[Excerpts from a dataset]
*** Block opens ***
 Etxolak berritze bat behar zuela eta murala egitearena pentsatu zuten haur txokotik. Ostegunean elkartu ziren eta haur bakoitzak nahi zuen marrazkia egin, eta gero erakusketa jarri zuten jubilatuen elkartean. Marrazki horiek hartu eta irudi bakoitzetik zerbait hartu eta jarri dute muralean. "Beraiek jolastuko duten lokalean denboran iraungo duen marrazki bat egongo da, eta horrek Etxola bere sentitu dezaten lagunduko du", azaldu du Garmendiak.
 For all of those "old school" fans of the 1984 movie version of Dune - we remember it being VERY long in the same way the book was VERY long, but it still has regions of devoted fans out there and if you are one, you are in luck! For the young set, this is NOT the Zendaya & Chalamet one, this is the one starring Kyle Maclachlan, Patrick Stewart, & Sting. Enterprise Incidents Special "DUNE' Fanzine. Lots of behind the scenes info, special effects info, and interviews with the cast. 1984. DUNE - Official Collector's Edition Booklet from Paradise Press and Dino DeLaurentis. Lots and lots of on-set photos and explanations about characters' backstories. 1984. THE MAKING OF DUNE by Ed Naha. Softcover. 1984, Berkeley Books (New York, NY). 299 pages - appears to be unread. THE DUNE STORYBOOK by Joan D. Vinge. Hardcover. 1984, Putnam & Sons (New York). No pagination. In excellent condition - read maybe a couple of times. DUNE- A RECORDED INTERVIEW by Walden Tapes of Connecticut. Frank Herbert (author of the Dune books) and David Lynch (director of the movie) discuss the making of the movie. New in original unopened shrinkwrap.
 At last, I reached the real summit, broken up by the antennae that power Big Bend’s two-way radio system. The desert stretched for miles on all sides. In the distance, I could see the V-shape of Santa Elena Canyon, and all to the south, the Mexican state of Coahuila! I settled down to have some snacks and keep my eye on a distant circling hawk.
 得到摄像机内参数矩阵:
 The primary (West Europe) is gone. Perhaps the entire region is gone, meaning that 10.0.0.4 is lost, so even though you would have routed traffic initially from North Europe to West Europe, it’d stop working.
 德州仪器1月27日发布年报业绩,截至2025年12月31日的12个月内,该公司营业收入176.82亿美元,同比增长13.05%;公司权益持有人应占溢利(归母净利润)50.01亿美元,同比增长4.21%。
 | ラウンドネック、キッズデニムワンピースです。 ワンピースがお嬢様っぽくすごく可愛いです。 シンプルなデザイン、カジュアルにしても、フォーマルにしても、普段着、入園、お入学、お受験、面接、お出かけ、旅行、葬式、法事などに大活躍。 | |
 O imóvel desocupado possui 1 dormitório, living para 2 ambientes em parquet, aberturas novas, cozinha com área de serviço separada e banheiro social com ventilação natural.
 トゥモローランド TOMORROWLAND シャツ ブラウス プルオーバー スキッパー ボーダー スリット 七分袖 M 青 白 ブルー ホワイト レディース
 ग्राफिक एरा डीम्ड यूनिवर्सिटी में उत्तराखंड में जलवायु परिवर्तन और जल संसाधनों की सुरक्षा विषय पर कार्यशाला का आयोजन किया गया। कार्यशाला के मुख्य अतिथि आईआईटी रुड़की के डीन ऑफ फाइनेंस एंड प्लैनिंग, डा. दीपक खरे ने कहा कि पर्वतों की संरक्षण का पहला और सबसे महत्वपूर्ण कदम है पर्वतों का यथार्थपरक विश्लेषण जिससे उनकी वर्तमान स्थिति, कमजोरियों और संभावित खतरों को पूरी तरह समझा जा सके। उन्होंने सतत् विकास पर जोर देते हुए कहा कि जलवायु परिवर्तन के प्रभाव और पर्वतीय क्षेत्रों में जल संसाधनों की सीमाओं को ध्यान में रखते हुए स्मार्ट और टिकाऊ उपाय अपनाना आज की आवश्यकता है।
*** Block closes ***
§ **YOUR OBJECTIVE**:
The entries above should be copied out exactly, with none left out.

§ **REPLY**:
 Etxolak berritze bat behar zuela eta murala egitearena pentsatu zuten haur txokotik. Ostegunean elkartu ziren eta haur bakoitzak nahi zuen marrazkia egin, eta gero erakusketa jarri zuten jubilatuen elkartean. Marrazki horiek hartu eta irudi bakoitzetik zerbait hartu eta jarri dute muralean. "Beraiek jolastuko duten lokalean denboran iraungo duen marrazki bat egongo da, eta horrek Etxola bere sentitu dezaten lagunduko du", azaldu du Garmendiak.
 For all of those "old school" fans of the 1984 movie version of Dune - we remember it being VERY long in the same way the book was VERY long, but it still has regions of devoted fans out there and if you are one, you are in luck! For the young set, this is NOT the Zendaya & Chalamet one, this is the one starring Kyle Maclachlan, Patrick Stewart, & Sting. Enterprise Incidents Special "DUNE' Fanzine. Lots of behind the scenes info, special effects info, and interviews with the cast. 1984. DUNE - Official Collector's Edition Booklet from Paradise Press and Dino DeLaurentis. Lots and lots of on-set photos and explanations about characters' backstories. 1984. THE MAKING OF DUNE by Ed Naha. Softcover. 1984, Berkeley Books (New York, NY). 299 pages - appears to be unread. THE DUNE STORYBOOK by Joan D. Vinge. Hardcover. 1984, Putnam & Sons (New York). No pagination. In excellent condition - read maybe a couple of times. DUNE- A RECORDED INTERVIEW by Walden Tapes of Connecticut. Frank Herbert (author of the Dune books) and David Lynch (director of the movie) discuss the making of the movie. New in original unopened shrinkwrap.
 At last, I reached the real summit, broken up by the antennae that power Big Bend’s two-way radio system. The desert stretched for miles on all sides. In the distance, I could see the V-shape of Santa Elena Canyon, and all to the south, the Mexican state of Coahuila! I settled down to have some snacks and keep my eye on a distant circling hawk.
 得到摄像机内参数矩阵:
 The primary (West Europe) is gone. Perhaps the entire region is gone, meaning that 10.0.0.4 is lost, so even though you would have routed traffic initially from North Europe to West Europe, it’d stop working.
 德州仪器1月27日发布年报业绩,截至2025年12月31日的12个月内,该公司营业收入176.82亿美元,同比增长13.05%;公司权益持有人应占溢利(归母净利润)50.01亿美元,同比增长4.21%。
 | ラウンドネック、キッズデニムワンピースです。 ワンピースがお嬢様っぽくすごく可愛いです。 シンプルなデザイン、カジュアルにしても、フォーマルにしても、普段着、入園、お入学、お受験、面接、お出かけ、旅行、葬式、法事などに大活躍。 | |
 O imóvel desocupado possui 1 dormitório, living para 2 ambientes em parquet, aberturas novas, cozinha com área de serviço separada e banheiro social com ventilação natural.
 トゥモローランド TOMORROWLAND シャツ ブラウス プルオーバー スキッパー ボーダー スリット 七分袖 M 青 白 ブルー ホワイト レディース
 ग्राफिक एरा डीम्ड यूनिवर्सिटी में उत्तराखंड में जलवायु परिवर्तन और जल संसाधनों की सुरक्षा विषय पर कार्यशाला का आयोजन किया गया। कार्यशाला के मुख्य अतिथि आईआईटी रुड़की के डीन ऑफ फाइनेंस एंड प्लैनिंग, डा. दीपक खरे ने कहा कि पर्वतों की संरक्षण का पहला और सबसे महत्वपूर्ण कदम है पर्वतों का यथार्थपरक विश्लेषण जिससे उनकी वर्तमान स्थिति, कमजोरियों और संभावित खतरों को पूरी तरह समझा जा सके। उन्होंने सतत् विकास पर जोर देते हुए कहा कि जलवायु परिवर्तन के प्रभाव और पर्वतीय क्षेत्रों में जल संसाधनों की सीमाओं को ध्यान में रखते हुए स्मार्ट और टिकाऊ उपाय अपनाना आज की आवश्यकता है।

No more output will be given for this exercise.